La Turquie maintiendra son interdiction de la vente et de la fabrication de produits de vapotage et de produits à chaleur non brûlée, et l'Organisation mondiale de la santé (OMS) est si ravie qu'elle a publié un communiqué de presse applaudissant le pays.
En Turquie, 28,8 pour cent de tous les adultes fument des cigarettes quotidiennement — plus de deux fois le taux de consommation quotidienne aux États-Unis et au Royaume-Uni, où les e-cigarettes et d'autres produits nicotiniques à faible risque sont largement disponibles.
L'OMS a publié un communiqué de presse pour louer le gouvernement autoritaire turc pour l'interdiction du vapotage. La Turquie avait prévu de assouplir ses lois et de permettre le vapotage et les produits à chaleur non brûlée, mais a changé ses plans — probablement à cause de la pression de l'OMS. Le communiqué de presse décrit “une forte réaction publique face aux menaces posées par les propositions de l'industrie du tabac pour commencer à importer et produire des produits à chaleur non brûlée et des ENDS dans le pays.”
Apparemment, ce sont les résultats remarquables que l'OMS veut voir.
Mais la réaction du public semble n'être rien d'autre que des drones de santé publique organisés par l'OMS se plaignant que leur monde financé par des fonds publics pourrait être perturbé par la vente d'alternatives à faible risque aux cigarettes. Une conférence de presse d'octobre a vu “l'OMS et des universitaires et spécialistes de la santé de renom condamner conjointement la nouvelle stratégie proposée par l'industrie du tabac.”
La “nouvelle stratégie” que l'OMS a dénoncée est apparemment la vente de produits à risque réduit. Les objections à ce que les fumeurs abaissent (ou même éliminent) leur risque en remplaçant la fumée inhalée par de la vapeur relèvent davantage de la protection de l'industrie mondiale du contrôle du tabac que de la protection de la santé publique.
Le professeur Hilal Özcebe, professeur à l'Université Hacettepe, a affirmé que les produits de vapeur et de HNB sont aussi dangereux que fumer — un mensonge flagrant. “L'industrie du tabac déclare que les produits électroniques ont moins d'effets négatifs sur la santé publique mais c'est un argument totalement faux,” a-t-elle déclaré, selon le communiqué de presse.
Elle a ajouté que “les dispositifs électroniques ont le même niveau de nicotine que les produits largement utilisés [cigarettes], causant des troubles vasculaires similaires et des maladies cardiovasculaires.” Il n'y a aucune preuve que la nicotine cause des problèmes cardiovasculaires à long terme. Mais fumer le fait, et aucun des “défenseurs de la santé” turcs ne propose d'interdiction des cigarettes.

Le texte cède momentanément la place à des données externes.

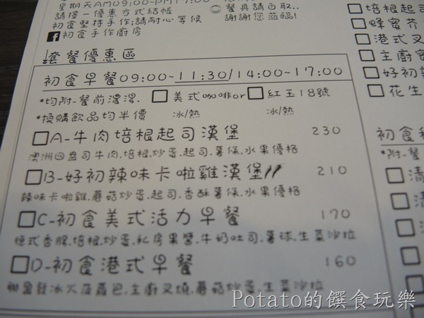 初食早餐時段:09:00-11:30 ‧14:00-17:00,分別為A.牛肉培根起司漢堡(NT230),B.好初辣味咖拉雞腿堡(NT210),C.初食美式活力早餐(NT170),D.初食港式早餐(NT160)。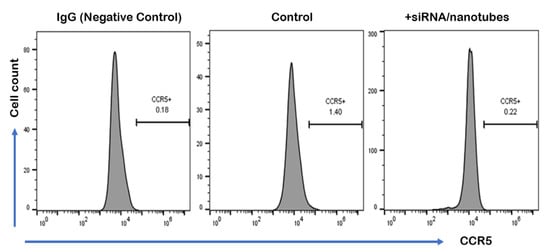 The efficacy of SWCNT/siCCR5 formulation was evaluated by assessing the CCR5 siRNA-mediated knockdown in HepG2 cells after 48 h transfection via flow cytometry, as CCR5 is known to be expressed in HepG2 cells [70]. SWCNTs-formulated siRNA transfection showed much lower expression of chemokine receptor type 5 (CCR5) as compared to the natural expression exhibited in the control sample (Figure 7), indicating substantial (over 90%) knockdown above or comparable to that regularly achieved by lyposomally delivered siRNA [18,71,72].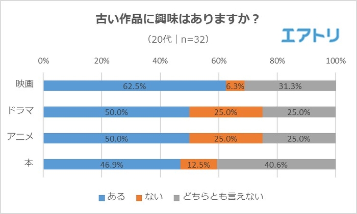 20代の人に対し、古い作品(映画・ドラマ・アニメ・本)に興味があるかどうかを聞いたところ、全てにおいて「興味がある」が多数派となりました。中でも「映画」に対しては「興味がある」が62.5%だった一方で、「興味がない」は6.3%に留まり、最も若者が興味を示していることが分かりました。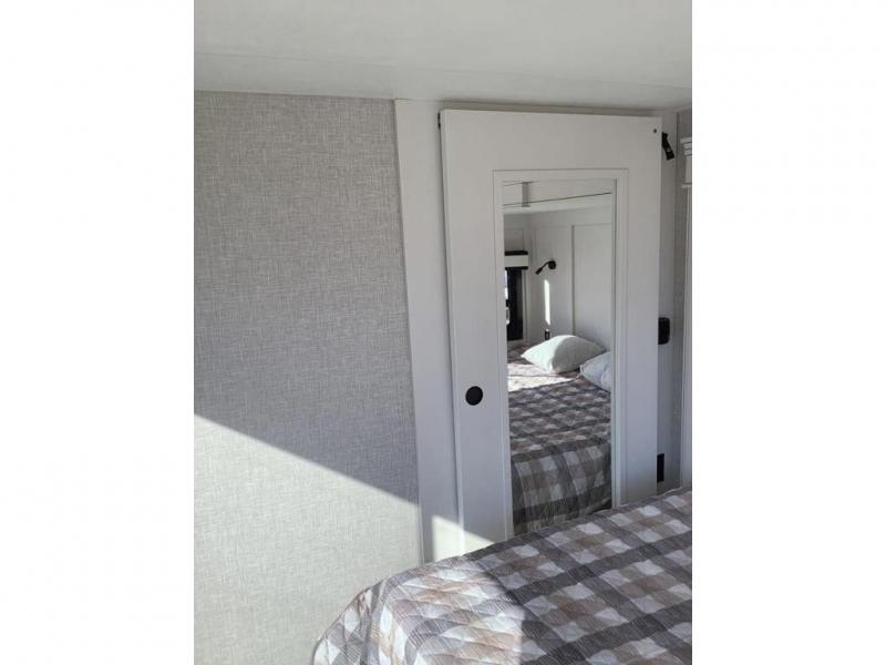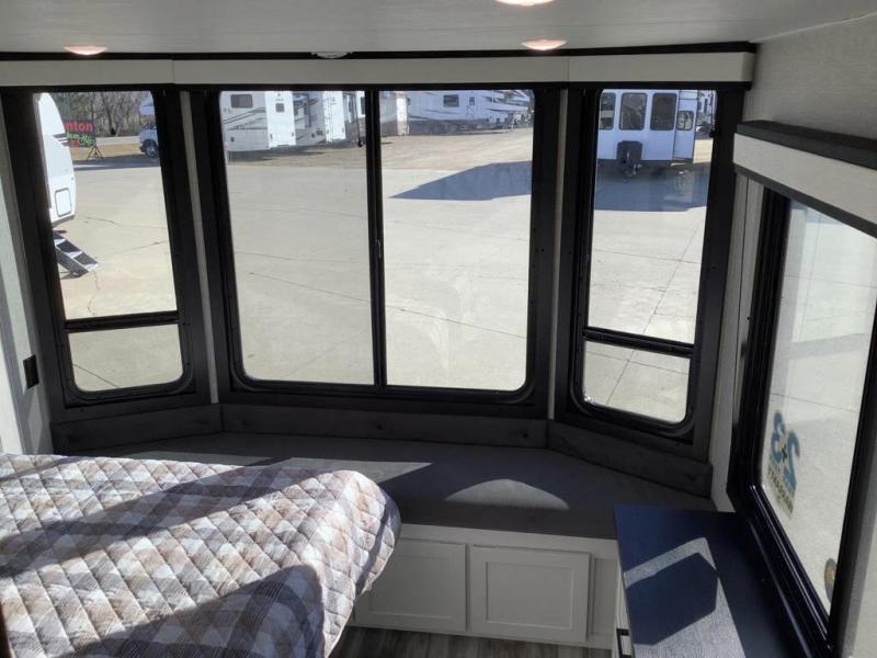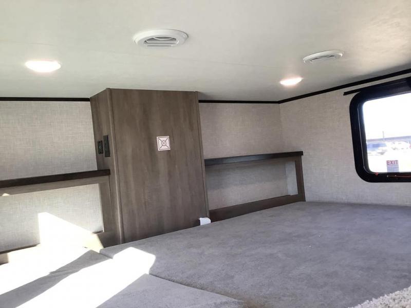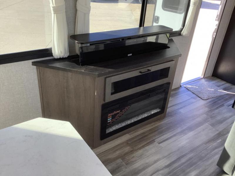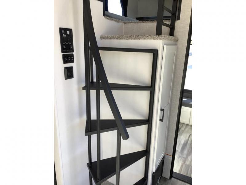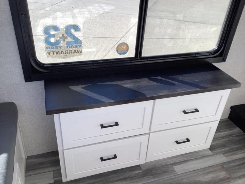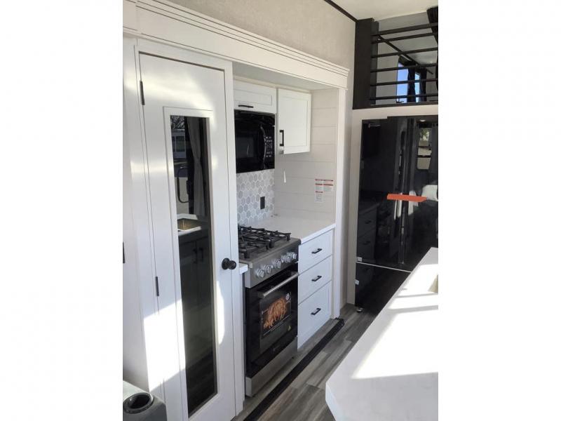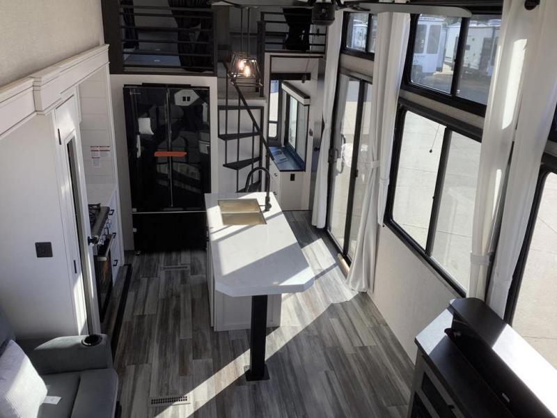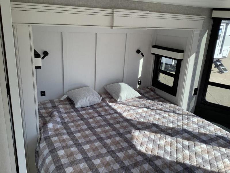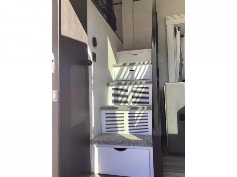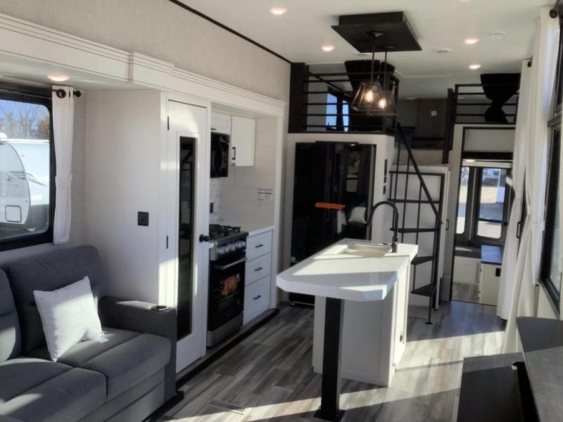 Travel in comfort with your family. You will love having your own bedroom up front with a queen bed, a bench with storage below, plus a dresser and over head cabinet for your things. This unit comes with more space for everyone to sleep for instance the loft area, which has multiple bunk mats where three people can easily fit, or the sectional sofa with hide-a-bed situated in the living room, ideal for two. Also in the living area, you will be able to enjoy the entertainment center, plus, a ceiling fan will keep the air moving while the chef cooks delicious meals in the morning, and you all can dine at the kitchen island which includes bar stools. The Kitchen is also fitted with a residential fridge, microwave, four cooktop burner, sink and pantry perfect to cook with luxury and comfort. Finally, take a bath in the full rear bathroom.

Pour l'OMS, permettre de telles désinformations flagrantes de circuler sans correction est une abdication d'un engagement envers la santé publique — et ses propres principes directeurs. “L'opinion informée et la coopération active de la part du public sont d'une importance capitale dans l'amélioration de la santé des populations,” déclare la constitution de l'OMS.
Un officiel de la Société du Croissant Vert turc (une organisation à but non lucratif qui vise à lutter contre le tabagisme, l'alcoolisme et d'autres “addictions”) a déclaré que la Turquie s'est engagée dans des “efforts remarquables” pour mettre en œuvre la Convention cadre de l'OMS pour la lutte antitabac (FCTC). Cela a été fait, a-t-il dit, en “élevant la sensibilisation du public, avec le soutien du gouvernement turc, de la société civile et d'organisations telles que le Croissant Vert.”
Le succès remarquable ressemble davantage à un effort concerté pour protéger les ventes de cigarettes. Plus de 43 pour cent des hommes turcs fument, contre 18,2 pour cent des femmes. Parmi les 13-15 ans, 16,8 pour cent utilisent du tabac.
Apparemment, ce sont les résultats remarquables que l'OMS veut voir. En encourageant les interdictions de vapotage et de snus, et en décourageant les entreprises tabac de passer à des produits à risque réduit, l'agence de santé des Nations Unies est destinée à obtenir toutes les maladies et tous les décès qu'elle pourrait espérer.